In this paper we present a novel Hierarchical Bayesian approach to estimate Relative Impulse Response (ReIR) using short, noisy and reverberant microphone recordings. The information contained in ReIRs between two microphones is useful for a wide range of multichannel speech processing applications such as speaker localization, speech enhancement, etc. It has been shown in several previous works that the Relative Transfer Function (RTF) corresponding to a given ReIR is dynamic and depends on the environment, microphone positions and target position. This acts as the main motivation of this work, as we develop a structured sparse Bayesian learning algorithm to estimate ReIR using very short recordings, which will be robust to changes in the environment. An extensive experimental study with real-world recordings has also been conducted to show the efficacy of our proposed approach over other competing approaches.
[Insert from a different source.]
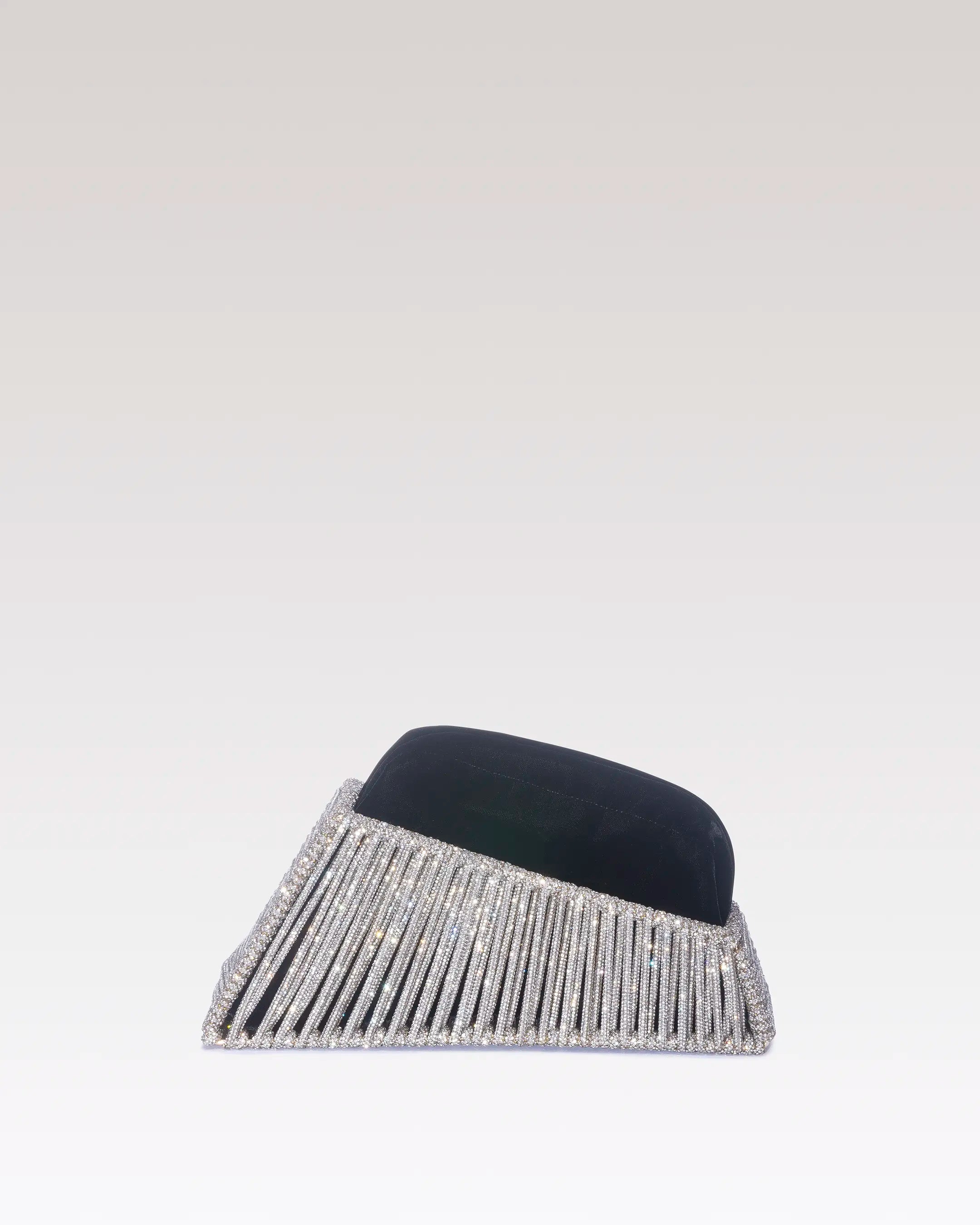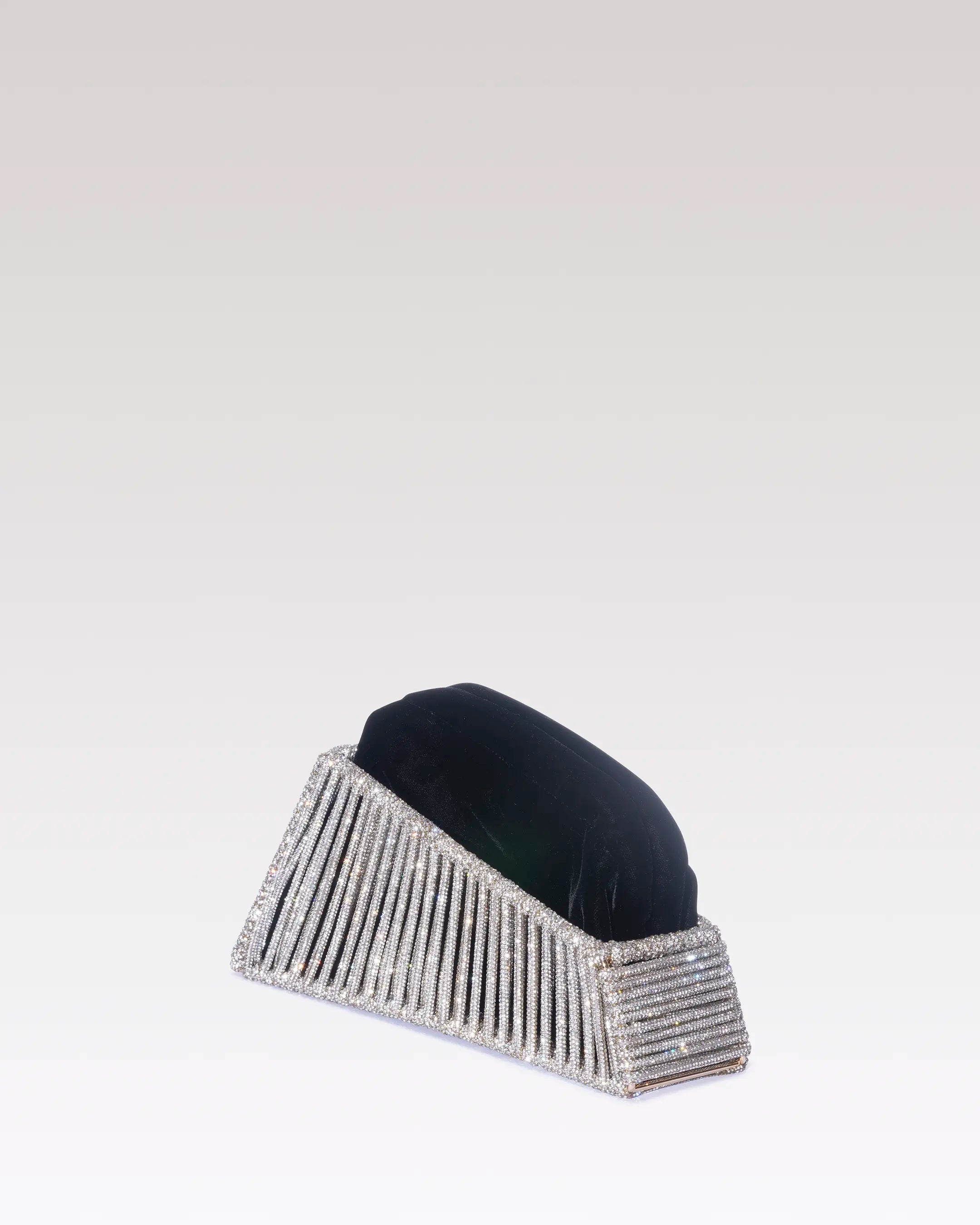 La struttura rigida, interamente ricoperta di cristalli, incontra un morbido pouch interno in velluto nero: un dialogo tra luce e materia, tra precisione architettonica e sensualità tattile.
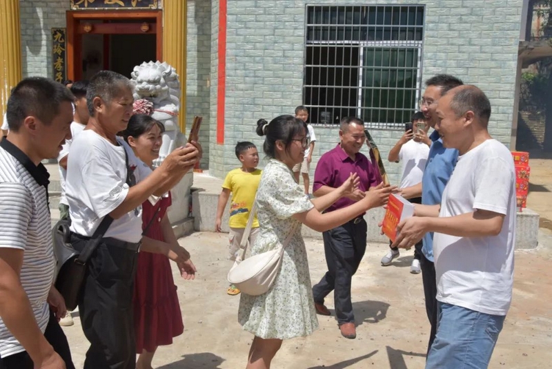 谢师宴当天,罗校长率领的贺喜团队一到寿洲村5组的祠堂前,宁静的乡村开始闹腾起来,烟花爆竹声冲击着湾村的各个山丘。罗校长见面就说:你看我们太平的人好厉害啊!

机译:在本文中,我们提出了一种新颖的分层贝叶斯方法,用于使用简短,嘈杂和混响的麦克风录音来估计相对冲激响应(ReIR)。两个麦克风之间的ReIR中包含的信息对于多种多通道语音处理应用(例如扬声器定位,语音增强等)很有用。在先前的一些工作中已经表明,相对传递函数(RTF)对应于给定的ReIR它是动态的,并且取决于环境,麦克风位置和目标位置。这是这项工作的主要动机,因为我们开发了一种结构化的稀疏贝叶斯学习算法来使用非常短的记录来估计ReIR,这对于环境的变化将非常可靠。还进行了具有真实世界记录的广泛实验研究,以显示我们提出的方法相对于其他竞争方法的功效。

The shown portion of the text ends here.